▶ [Task objective]
Repeat nothing but the lines below running from the one containing "Acquistato settembre 2022" to the one containing "관련 소설. [사진=필자제공]". Keep both end lines.

▶ [The data]
--- START ---
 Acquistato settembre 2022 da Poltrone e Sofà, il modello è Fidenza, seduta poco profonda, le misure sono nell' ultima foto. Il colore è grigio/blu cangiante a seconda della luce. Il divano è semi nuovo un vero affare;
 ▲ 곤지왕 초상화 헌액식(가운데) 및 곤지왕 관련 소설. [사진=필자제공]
--- END ---
--- START ---
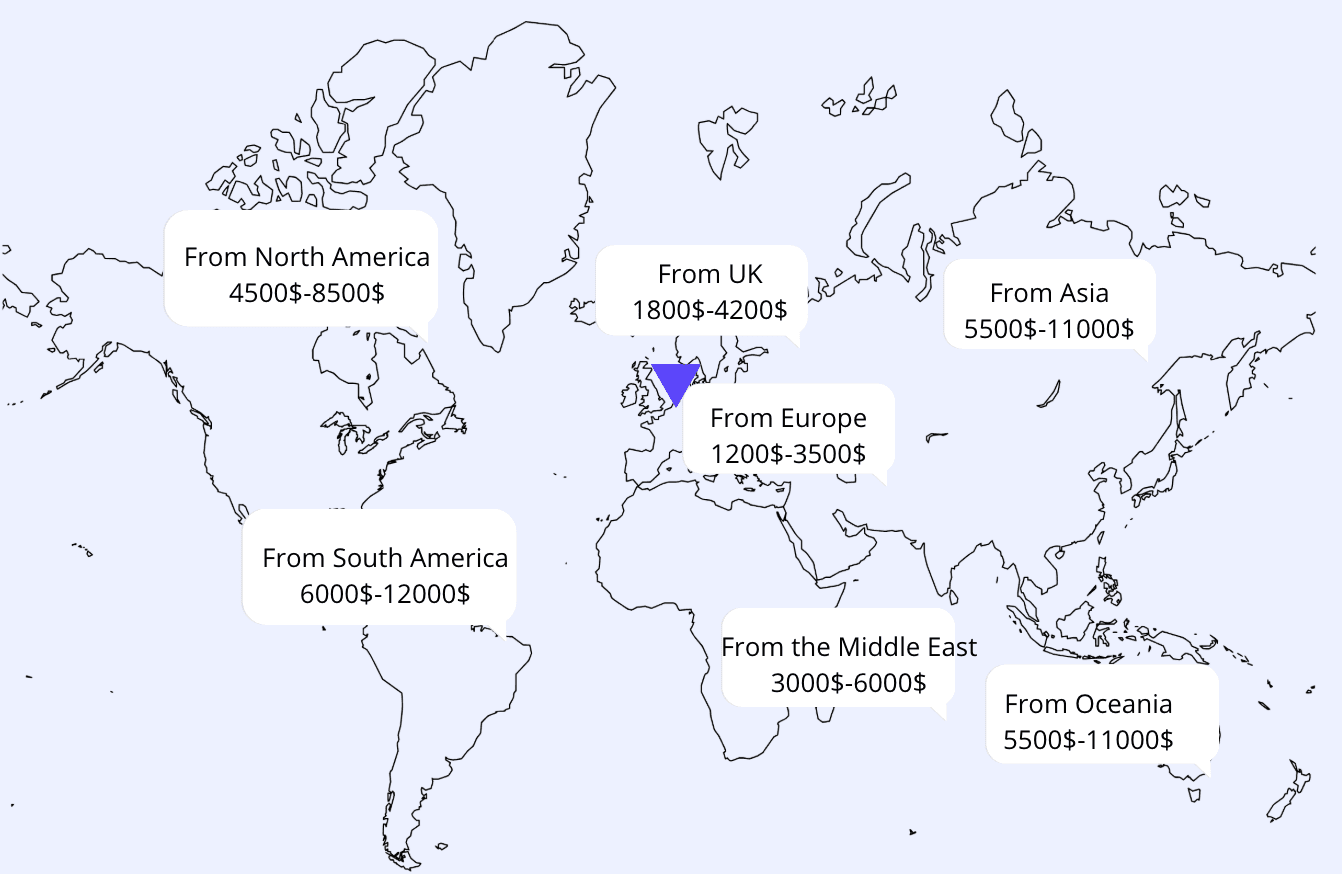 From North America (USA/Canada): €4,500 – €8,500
--- END ---
▶ [Finished task]
 Acquistato settembre 2022 da Poltrone e Sofà, il modello è Fidenza, seduta poco profonda, le misure sono nell' ultima foto. Il colore è grigio/blu cangiante a seconda della luce. Il divano è semi nuovo un vero affare;
 ▲ 곤지왕 초상화 헌액식(가운데) 및 곤지왕 관련 소설. [사진=필자제공]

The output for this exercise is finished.